Ginger Stache: It is so beautiful the way God does these things and puts them together for us. And even the fact that you had so many choices to make. When God began speaking to you about giving up that scholarship, that was, as you said, "Your Savior," it's what you were looking for to get you out of this situation. And yet, you were able to be obedient. I mean, so many people wouldn't be able to get past that. You know, because what has been so important to you in the past, and the way that you saw life, the way things looked to you, everything that we do is shaped by our past. And so, for God to be able to get through all that, and get through all those layers and all those lies, truly, it's astounding.
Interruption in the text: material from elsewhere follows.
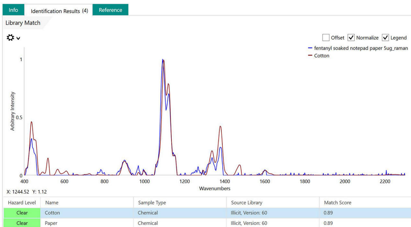
Figure 1. El papel empapado en fentanilo requiere SERS para la detección de rastros, mientras que Raman simplemente identifica el sustrato.

Para demostrar la detección SERS de correo relacionado con drogas ilícitas, este experimento comienza con papel de cuaderno cortado en cuadrados de 0,635 cm (0,25 pulgadas). Se preparó una solución madre de 0,1 mg/mL de fentanilo en metanol y se depositó en estos cuadrados en los siguientes volúmenes: 1 µL, 5 µL, 10 µL, 20 µL y 50 µL para producir 0,1 µg, 0,5 µg, 1 µg, 2 µg y 5 µg de

So, we have a lot more to talk about how all of this works for all of us, really, for everyone, and more with Meredith's story. But right now, we're gonna check in with what God's word says, and what joyce is sharing right now, about the past being a magnet and how to reverse that pull.
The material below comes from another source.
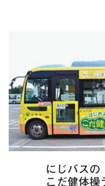
にじバスのこだ健体操ラッピング

こだ健体操は、足・腰の筋力強化と、全身のバランス能力向上を目的に、「新こだいら音頭 スペシャルダンスバージョン」に合わせて行う、小平市のオリジナル体操です。
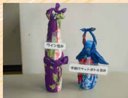
左：ワイン包み 右：手提げペットボトル

Joyce Meyer: The past is like a magnet, it keeps trying to draw us back. Do you ever feel like you're, the enemy is trying to draw you back into old habits, amen? Not only do you have to press out of bad things, you gotta press into good things. We'll take peace as an example. I grew up in an atmosphere where there was no peace. To be honest, and I'm not exaggerating, I didn't even know what peace was until I married dave. Everybody in my family was dysfunctional. We didn't know that word back then but they were dysfunctional. Very dysfunctional.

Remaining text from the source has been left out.